Instructions for the task:
Emit a verbatim copy of the lines below from the line with "活动伊始,晋冀区域品质总监吴" through the line with "- 4xG ½″ od", excluding pictures and everything outside that range.

Supplied information:
★ ★ ★ ★ ★

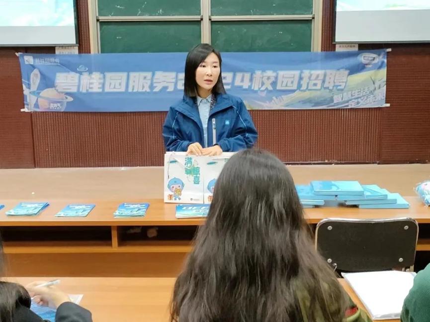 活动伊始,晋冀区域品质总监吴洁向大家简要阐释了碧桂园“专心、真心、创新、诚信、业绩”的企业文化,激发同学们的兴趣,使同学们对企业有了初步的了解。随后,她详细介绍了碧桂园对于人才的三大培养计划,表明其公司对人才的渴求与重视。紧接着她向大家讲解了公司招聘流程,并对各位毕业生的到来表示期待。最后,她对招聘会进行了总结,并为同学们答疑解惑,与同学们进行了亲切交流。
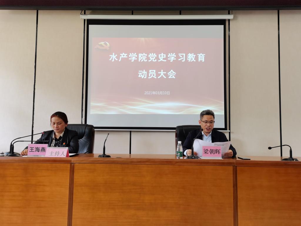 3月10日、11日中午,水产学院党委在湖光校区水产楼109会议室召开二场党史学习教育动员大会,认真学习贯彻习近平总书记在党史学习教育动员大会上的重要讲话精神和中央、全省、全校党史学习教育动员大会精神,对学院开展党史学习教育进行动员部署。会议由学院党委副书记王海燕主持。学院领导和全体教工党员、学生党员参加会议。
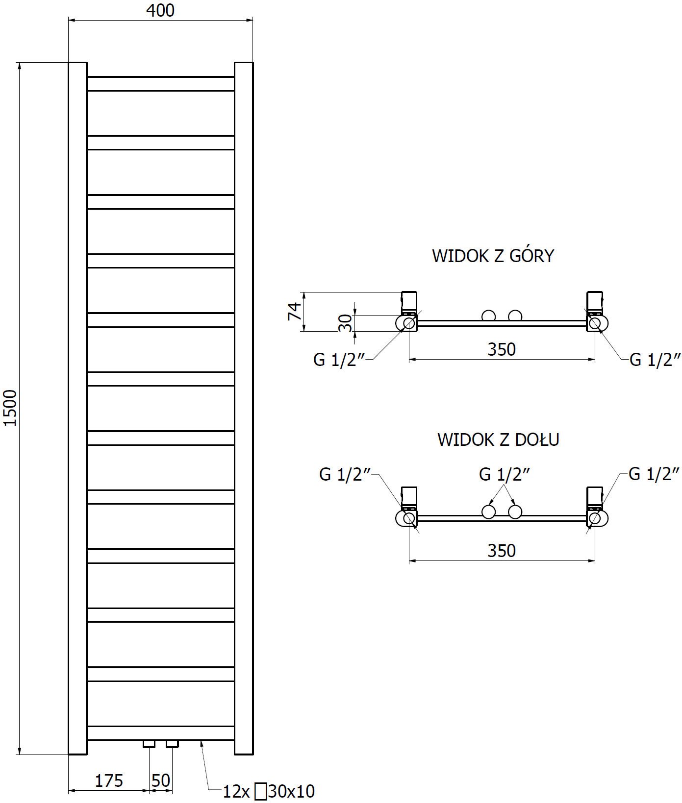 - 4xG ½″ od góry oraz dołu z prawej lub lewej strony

★ ★ ★ ★ ★

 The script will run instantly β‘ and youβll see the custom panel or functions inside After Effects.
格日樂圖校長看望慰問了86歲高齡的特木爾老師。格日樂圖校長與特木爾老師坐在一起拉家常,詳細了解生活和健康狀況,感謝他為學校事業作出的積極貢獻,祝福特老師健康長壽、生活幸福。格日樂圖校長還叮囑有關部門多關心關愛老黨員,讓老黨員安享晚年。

★ ★ ★ ★ ★

Result for this task:
 活动伊始,晋冀区域品质总监吴洁向大家简要阐释了碧桂园“专心、真心、创新、诚信、业绩”的企业文化,激发同学们的兴趣,使同学们对企业有了初步的了解。随后,她详细介绍了碧桂园对于人才的三大培养计划,表明其公司对人才的渴求与重视。紧接着她向大家讲解了公司招聘流程,并对各位毕业生的到来表示期待。最后,她对招聘会进行了总结,并为同学们答疑解惑,与同学们进行了亲切交流。
 3月10日、11日中午,水产学院党委在湖光校区水产楼109会议室召开二场党史学习教育动员大会,认真学习贯彻习近平总书记在党史学习教育动员大会上的重要讲话精神和中央、全省、全校党史学习教育动员大会精神,对学院开展党史学习教育进行动员部署。会议由学院党委副书记王海燕主持。学院领导和全体教工党员、学生党员参加会议。
 - 4xG ½″ od góry oraz dołu z prawej lub lewej strony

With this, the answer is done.